Number of active threads

Question

Python version: '2.7.3 (default, Apr 10 2013, 06:20:15) \n[GCC 4.6.3]'

I have this:

#!/usr/bin/env python
import time, threading, os
def f1(arg1):
    for i in xrange(arg1):
        time.sleep(1)
        print "i is: ", i
        print threading.active_count()
        print threading.enumerate()

if __name__ == '__main__':

    t = threading.Thread(name="MyThread1", target=f1, args=(5,))
    t.start()

My question is, why is the number of active threads being reported as 2 and why does the list generated by enumerate contain the main thread as well.

I was thinking that the main thread terminates after spawning "MyThread1".

$ ./threadeg.py

i is:  0
2
[<_MainThread(MainThread, stopped 139858183157504)>, <Thread(MyThread1, started 139858153768704)>]

i is:  1
2
[<_MainThread(MainThread, stopped 139858183157504)>, <Thread(MyThread1, started 139858153768704)>]

i is:  2
2
[<_MainThread(MainThread, stopped 139858183157504)>, <Thread(MyThread1, started 139858153768704)>]

i is:  3
2
[<_MainThread(MainThread, stopped 139858183157504)>, <Thread(MyThread1, started 139858153768704)>]

i is:  4
2
[<_MainThread(MainThread, stopped 139858183157504)>, <Thread(MyThread1, started 139858153768704)>]

Answer 1

threading.activeCount() which returns the number of threads active (that were started with that module). [Source]

Since the threading module is a pure python module built on top of the thread module, it's pretty easy to view the source code.

Here is the source code for active_count

def activeCount():
    """Return the number of Thread objects currently alive.

    The returned count is equal to the length of the list returned by
    enumerate().

    """
    with _active_limbo_lock:
        return len(_active) + len(_limbo)

upon further investigation it should be noted that there is a _MainThread instance is stored in _active (_active and _limbo are both dictionaries that map thread names to their instances). And is deleted from _active when _exitfunc is called.

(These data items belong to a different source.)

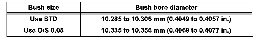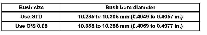 If the bush bore diameter of the cylinder head is greater than 10.306 mm (0.4057 inch), machine the bush bore to the dimension of 10.335 to 10.356 mm (0.4069 to 0.4077 inch) to install an O/S 0.05 valve guide bush. If the bush bore diameter of the cylinder head is greater than 10.356 mm (0.4077 inch), replace the cylinder head.
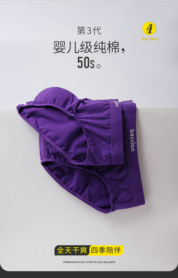 3 Pieces of Men's Briefs, Sexy Silk Crotch, Antibacterial and Antibacterial, Loose and Breathable, Pure Cotton, Young Student Underwear
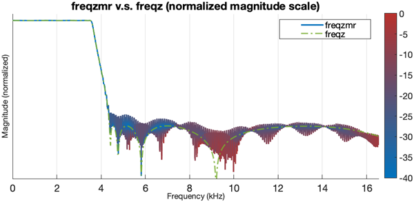 the filter. For more details on the differences between these two functions, see Comparison of freqzmr and freqz functions. For more information on
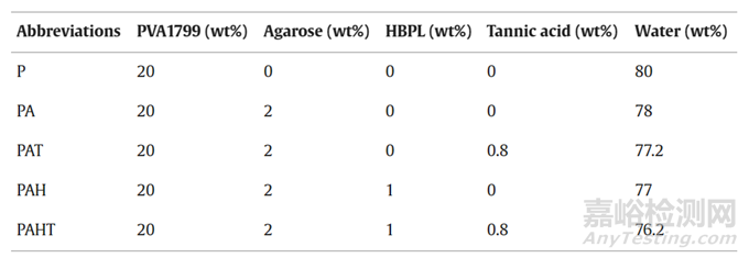 制備了五種類型的水凝膠敷料(表1)。以PAHT水凝膠為例,制備方法如下:在110 ℃下,機(jī)械攪拌下將20 wt% PVA1799和2 wt%瓊脂糖溶解在76.2 wt%水中;冷卻至90 ℃后,加入1 wt% HBPL(博慧(浙江)生物技術(shù)有限責(zé)任公司)和0.8 wt% TA,調(diào)節(jié)pH至6;完全溶解后,將溶液澆鑄到模具中,并冷卻至室溫,然后將其在-20 ℃下冷凍4小時,并在室溫下解凍1小時,此過程重復(fù)3次。其他水凝膠按照類似的過程制備。
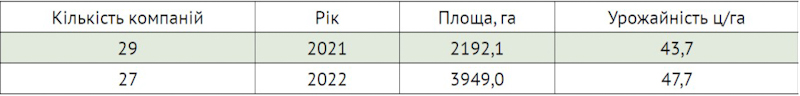 Максимальна врожайність у демонстраційних дослідах із 2020 року становила 56,1 ц/га у філії «Перспектив» ПрAT «Зернопродукт МХП» на Івано-Франківщині, а також 60,3 ц/га (2022 року) у ПП «Агрофірма “Дзвони”» на Львівщині та ПП «Аграрна компанія 2004» у Хмельницькій області.
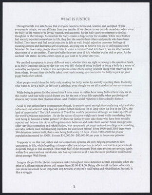 WHAT IS IUSTICE Throughout life it is safe to say that everyone wants to feel loved, wanted, and accepted .While everyone is unique, we can all learn from one another if we choose to see...
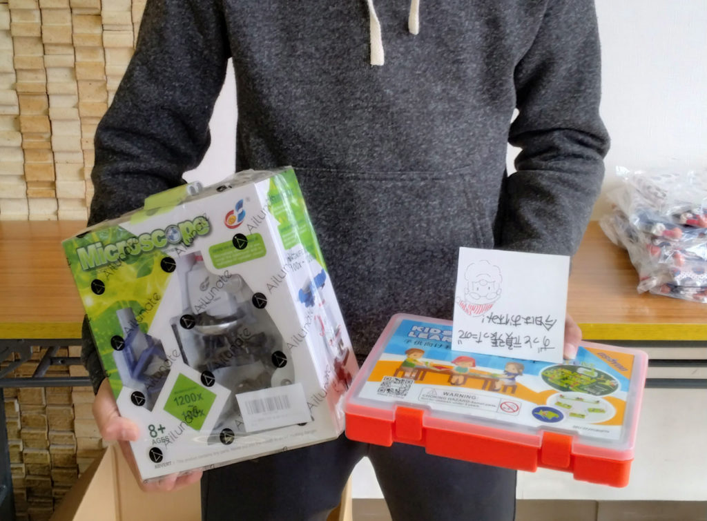 ラムリサーチ様からは、顕微鏡や、科学電気回路学習キットのご提供があり、うれしそうに顕微鏡を手にするお子さんが大勢いらっしゃいました。

Here is the source for _MainThread,

class _MainThread(Thread):

    def __init__(self):
        Thread.__init__(self, name="MainThread")
        self._Thread__started.set()
        self._set_ident()
        with _active_limbo_lock:
            _active[_get_ident()] = self

    def _set_daemon(self):
        return False

    def _exitfunc(self):
        self._Thread__stop()
        t = _pickSomeNonDaemonThread()
        if t:
            if __debug__:
                self._note("%s: waiting for other threads", self)
        while t:
            t.join()
            t = _pickSomeNonDaemonThread()
        if __debug__:
            self._note("%s: exiting", self)
        self._Thread__delete()

once _exitfunc is called _MainThread waits for all non daemon threads to join and then calls Thread._delete which in this case has been mangled to __Thread_delete which in turn removes _MainThread from the _active dictionary.

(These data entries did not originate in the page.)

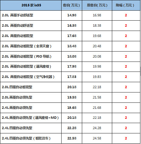 现在,两款SUV明星车型主动放下身段,以诚意十足的超值价格让利用户,真是值得称赞。调整后的ix35售价区间为14.98万-22.58万元,各车型均有高达2万元的直接降幅。在坚守原有产品价值标准的前提下,将起步价格直接下探到15万以内,让消费者用15万元就能将一辆“SUV热销神车”轻松收入囊中,势必又会掀起都市SUV新高潮!
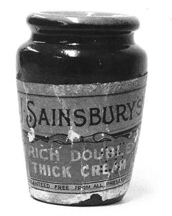 1911 price: 5.5d 2001 price: 39p Cream has lost much of its 1911 status as a premium product, partly because its high fat content has lead many people to select ‘healthier’ alternatives such as yogurt and fromage frais. Its relative cheapness today owes much to the fact that cream is now a by-product of the production of reduced-fat milks. In 1911, skimmed milk was regarded as an inferior product for which there was little market: today it is popular as a reduced fat alternative to whole milk. The price comparison given here understates the relative fall in the price of cream, because the pottery jug in which it was sold was smaller than today’s 142ml tub. |
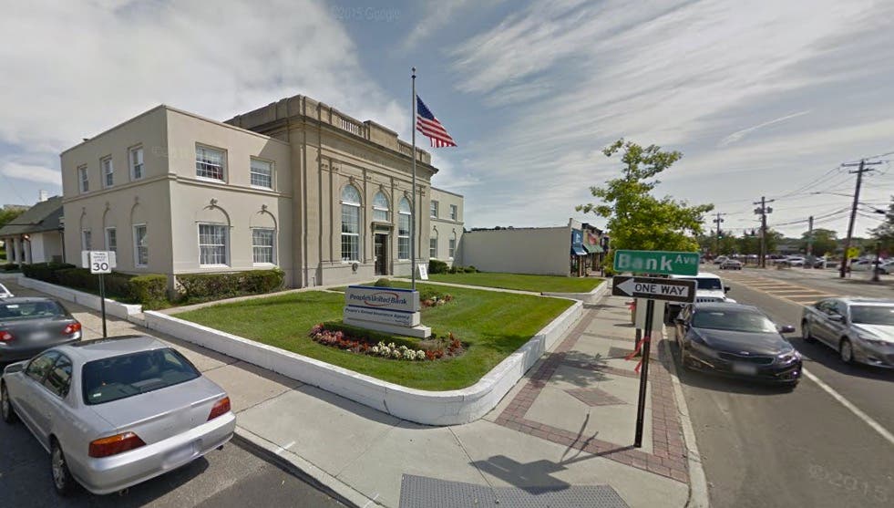 The incident occurred outside this bank in Smithtown on Tuesday. (Google Maps photo)
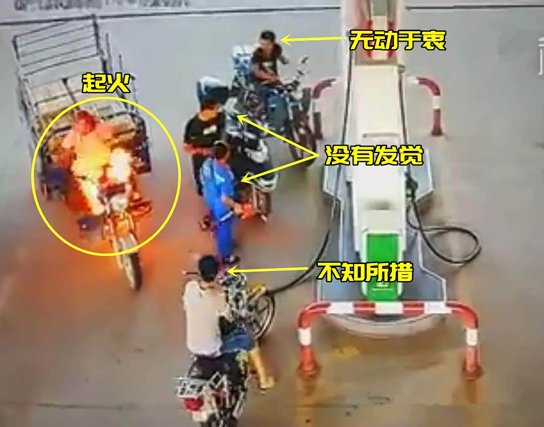 就在2019年6月,吉林某事的一个加油站内,一名骑着三轮摩托的车主在加油后,由于汽油有部分洒落在排气管上,导致火灾发生。而就在正果过程持续了10秒钟之内,竟然没有一个人采用正确方法进行灭火,最终导致车主重度烧伤。
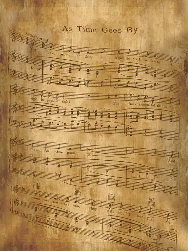 Celebrate the timeless beauty of music with the Sheet Music Photography Backdrop. Featuring an aged parchment background overlaid with the iconic "As Time Goes By" musical score, this backdrop evokes nostalgia, romance, and artistic charm. Its sepia tones and vintage texture create a warm, classic atmosphere perfect for portraits, recitals, and themed photo shoots.
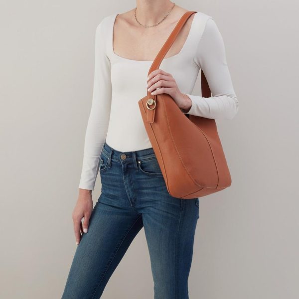 A leather shoulder bag with top handle option.

_exitfunc is assigned to _shutdown on line 1201.

_shutdown = _MainThread()._exitfunc

_shutdown is called from pythonrun.c, which in turn is called by Py_Finalize. Py_Finalize is called by Py_Exit, which exits the main process (at this point only daemons are left).

Py_Exit's documentation.

Exit the current process. This calls Py_Finalize() and then calls the standard C library function exit(status).

Here is an example to get you the behavior you expect.

import threading, time

def f():
    time.sleep(1) #wait for the interpreter to "shutdown"
    print threading.enumerate()

if __name__ == '__main__':

    t = threading.Thread(target=f)
    t.daemon = True
    t.start()

    threading._shutdown() #simulate an interpreter shutdown

Another great answer describing how threads are shutdown.